Identification of key genes and pathways associated with osteoarthritis by single cell transcriptome

The following is the contribution of the apprentice in November

Single cell RNA sequencing of synovial fibroblasts (read.table reads the compressed tsv text file)

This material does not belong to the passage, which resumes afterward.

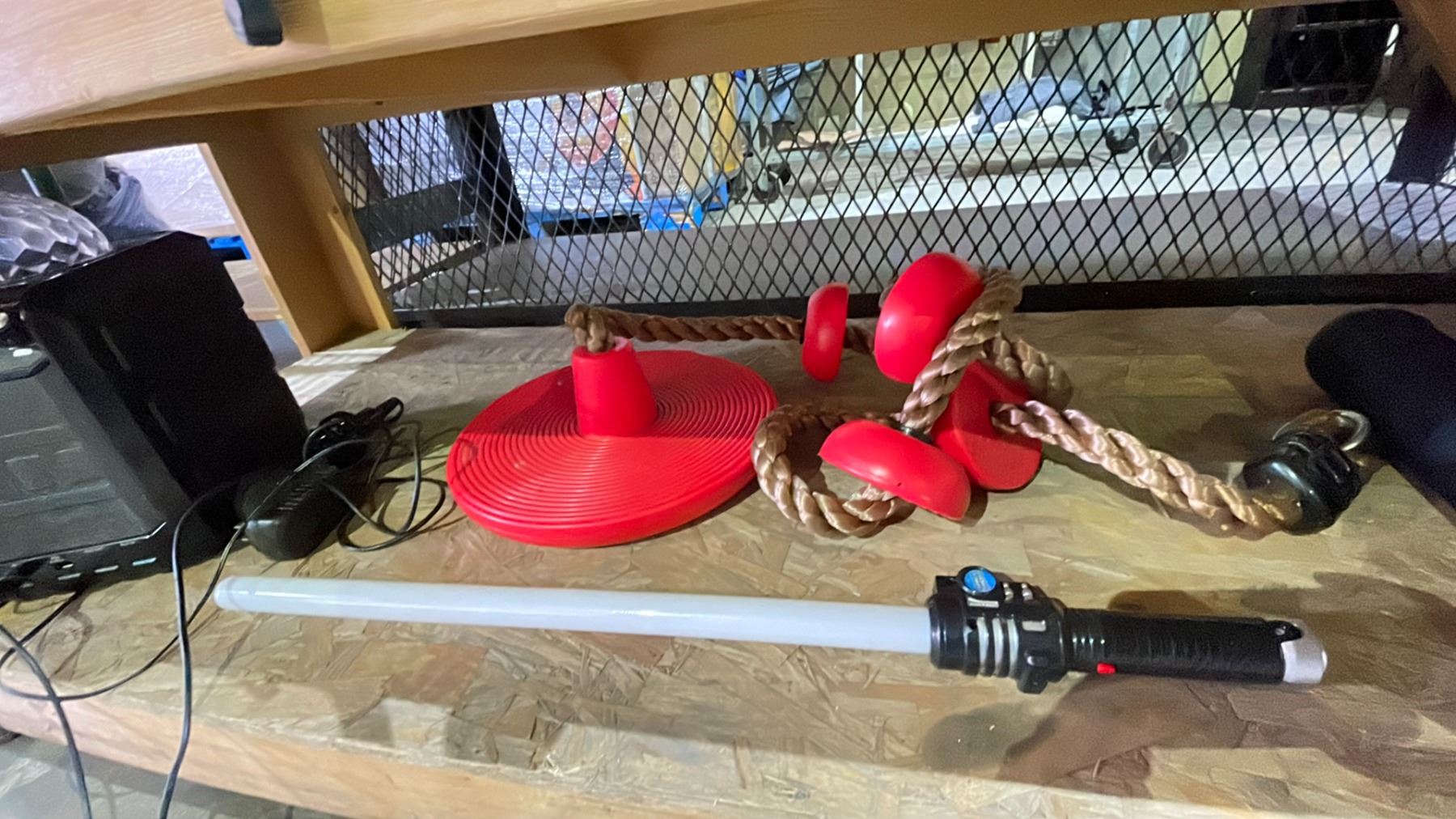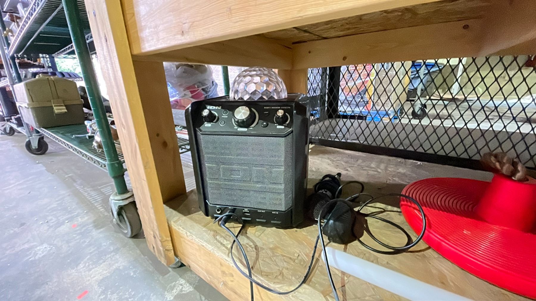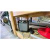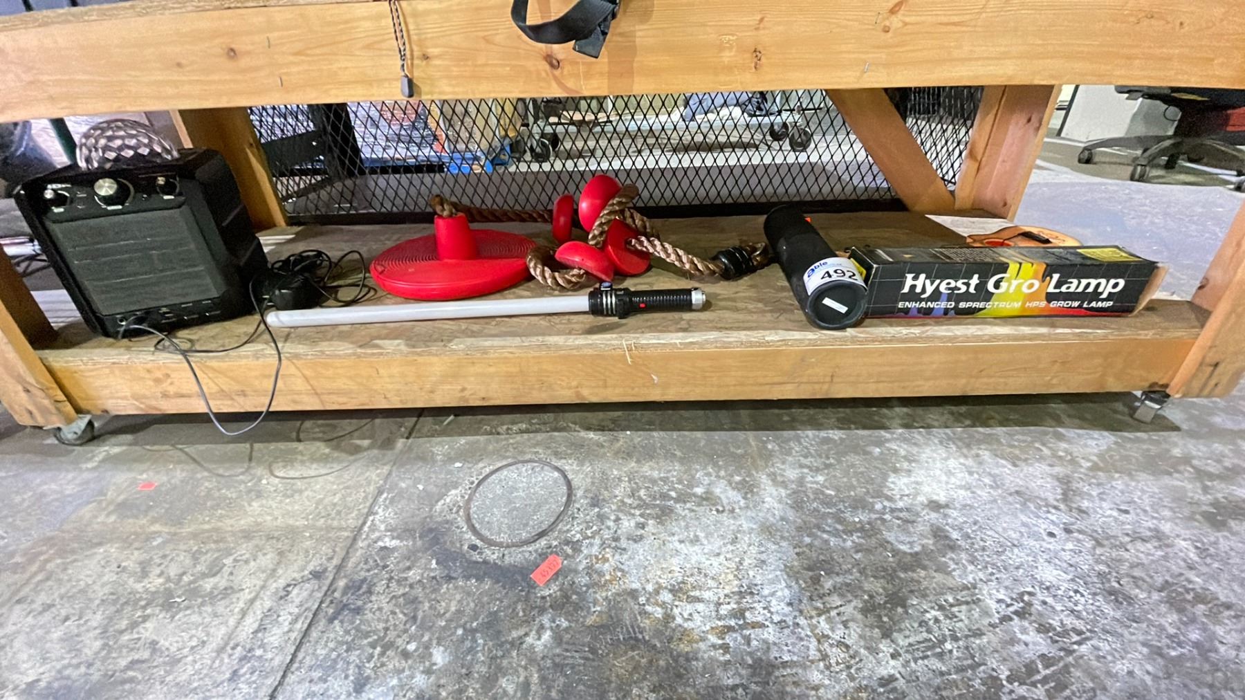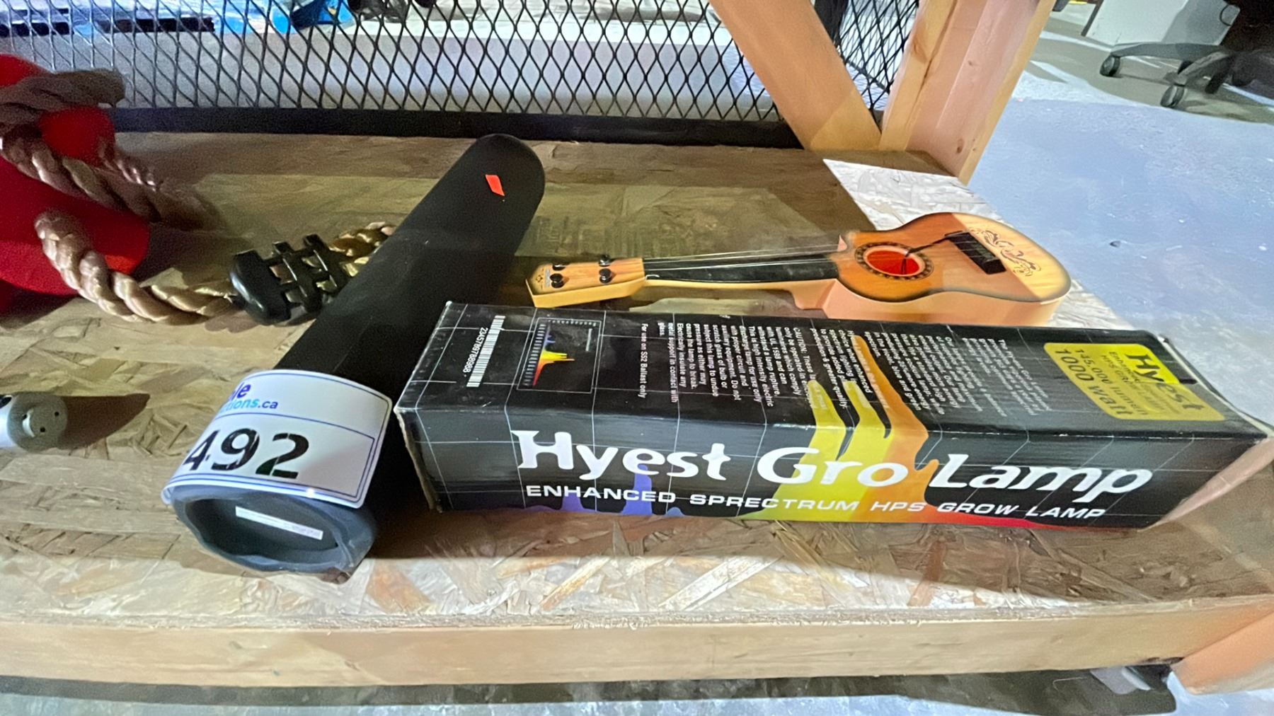 SHELF OF ASSORTED ITEMS INCLUDING; GROW LAMP, ROPE SWING, AMP & MORE

The article we reproduce today is a single-cell data mining article published in Medicine magazine in 2020, with the title of identification of the key gene and pathways associated with osteoarthritis via single cell RNA sequencing on synchronous fibroblasts. The link of the article is: https://journals.lww.com/md-journal/Fulltext/2020/08140/Identification_of_the_key_gene_and_pathways.81.aspx

This data set is mainly used to mine GSE109449 data. The main research goal is to explore the key genes and related pathways of bone synovial fibroblasts and osteoarthritis by means of scrna SEQ sequencing. This is reproduced in Figure 4 of this article. As shown below:

image-20210828212537989

The data link is: https://www.ncbi.nlm.nih.gov/geo/query/acc.cgi?acc=GSE109449

The data provided by the author are:

GSM2943158 single fibroblast from donor OA4 (OA4_A1)
GSM2943159 single fibroblast from donor OA4 (OA4_A10)
GSM2943160 single fibroblast from donor OA4 (OA4_A11)
GSM2943161 single fibroblast from donor OA4 (OA4_A12)
GSM2943162 single fibroblast from donor OA4 (OA4_A2)
GSM2943163 single fibroblast from donor OA4 (OA4_A3)
GSM2943164 single fibroblast from donor OA4 (OA4_A4)
GSM2943165 single fibroblast from donor OA4 (OA4_A5)
GSM2943166 single fibroblast from donor OA4 (OA4_A6)

image-20210828214028760

Data source of this article:

192 scRNA-seq files of SFs from 2 OA patients were accessed from microarray GSE109449 included in Gene Expression Omnibus (GEO) atabase (https://www.ncbi.nlm.nih.gov/geo/). Then statistical analysis was conducted with respect to gene number and expression levels.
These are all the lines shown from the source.